また、SSEは sklearn.cluster.KMeans の属性 inertia_ から取得できます。

# クラスタリング実行
cluster_range = range(1, 11)
SSEs = []
for i in cluster_range:
    model_tmp = KMeans(n_clusters=i, init='k-means++', random_state=0)
    model_tmp.fit(df_scaled)
    # SSEの取得
    SSEs.append(model_tmp.inertia_)

# グラフにプロット
plt.plot(cluster_range, SSEs, marker='o')
plt.xlabel('number of clusters')
plt.ylabel('SSE')
plt.show()

クラスター数3のところが”肘”となっているため、クラスター数3が最適なのだと判断できます。

シルエット分析

シルエット分析では、データごとにシルエット係数を計算し、クラスターごとに大きい順に並べます。

シルエット係数は sklearn.metrics.silhouette_samples で計算できます。また、 sklearn.metrics.silhouette_score でデータ全体のシルエット係数の平均値を計算できます。

scikit-learnのサンプルページを参考にシルエット図をプロットしてみます。

import numpy as np
from sklearn.metrics import silhouette_samples, silhouette_score

# クラスター数
n_clusters = 3
# クラスターラベル
cluster_labels = y_pred

# シルエット係数の平均値を計算
silhouette_avg = silhouette_score(df_scaled, cluster_labels)
# 各データのシルエット係数を計算
sample_silhouette_values = silhouette_samples(df_scaled, cluster_labels)

# シルエット図の描画
y_lower = 10
for i in range(n_clusters):
    ith_cluster_silhouette_values = sample_silhouette_values[cluster_labels == i]
    ith_cluster_silhouette_values.sort()

    size_cluster_i = ith_cluster_silhouette_values.shape[0]
    y_upper = y_lower + size_cluster_i

    color = plt.cm.nipy_spectral(float(i) / n_clusters)
    plt.fill_betweenx(np.arange(y_lower, y_upper),
                      0, ith_cluster_silhouette_values,
                      facecolor=color, edgecolor=color, alpha=0.7)
    
    plt.text(-0.02, y_lower + 0.5 * size_cluster_i, str(i))
    y_lower = y_upper + 10

# 平均線の描画
plt.axvline(silhouette_avg, color="red", linestyle="--")

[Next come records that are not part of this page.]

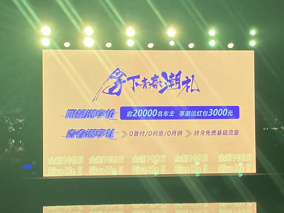 11月8日晚,全新MG5 (配置|询价)正式上市。新车共推出7款车型,售价区间为6.79万-9.99万元。与此同时,官方还推出了前2万名车主享3000元红包的限量潮享礼,0首付、0利率、0月供以及终身免费基础流量的青春潮享礼。另外,从现场获悉,全新MG5超越版车型将于2020广州车展推出。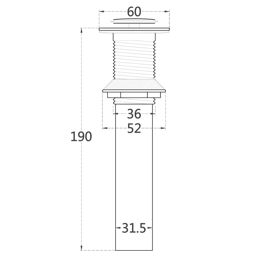 Unslotted push pop up top basin waste suitable for basins without an overflow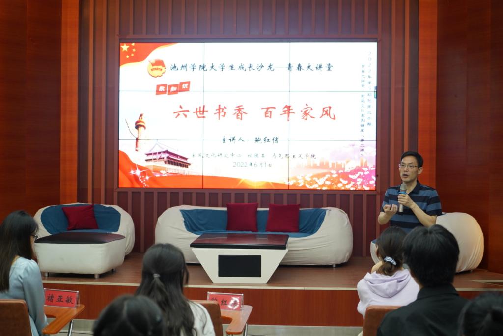 6月1日,2026年国际足联世界杯大学生成长沙龙“青春大讲堂”2022年第五期(总第三十期)在大学生活动中心举行。马克思主义学院副院长、家风中心副主任鲍红信博士以“六世书香 百年家风”为主题,为现场师生带来一场精彩生动的家风教育专题讲座。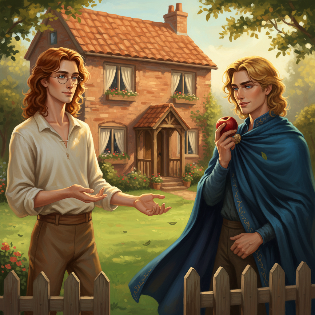 — Чудесное утро, — услышал он голос и повернул голову. С противоположной стороны низенького заборчика, во дворе Батильды, стоял стройный юноша с нахальной улыбкой забияки. Он был пониже Альбуса, но не коротышка (по правде, многие были ниже его и брата), золотистые волосы завитками спадали до плеч, а глаза лукаво (как у Батильды) поглядывали на соседа. Подбросив красное яблоко, он надкусил его. — Так значит, вы из наших? Тётушка сказала, что соседи тоже чародеи.

plt.tick_params(labelleft=False)
plt.xlabel('silhouette')
plt.ylabel('cluster')
plt.show()

クラスターごとのデータ数や各クラスターのシルエット係数も同じような値になっているため、クラスタリング結果としてはバランスが取れたものとなっていると言えます。

まとめ

k-means法によるクラスタリングを行いました。クラスタリングは教師なし学習の一種で、回帰や分類のような教師あり学習とは異なり、正解データがない状態でもデータの中に潜む規則性を見出すことができます。顧客データの分析などにも応用できます。


これでAIセミナーは完結です。最後までお読みいただきありがとうございました。これまでに身に着けた基礎知識を元に身の回りの課題にぜひ応用してみてください!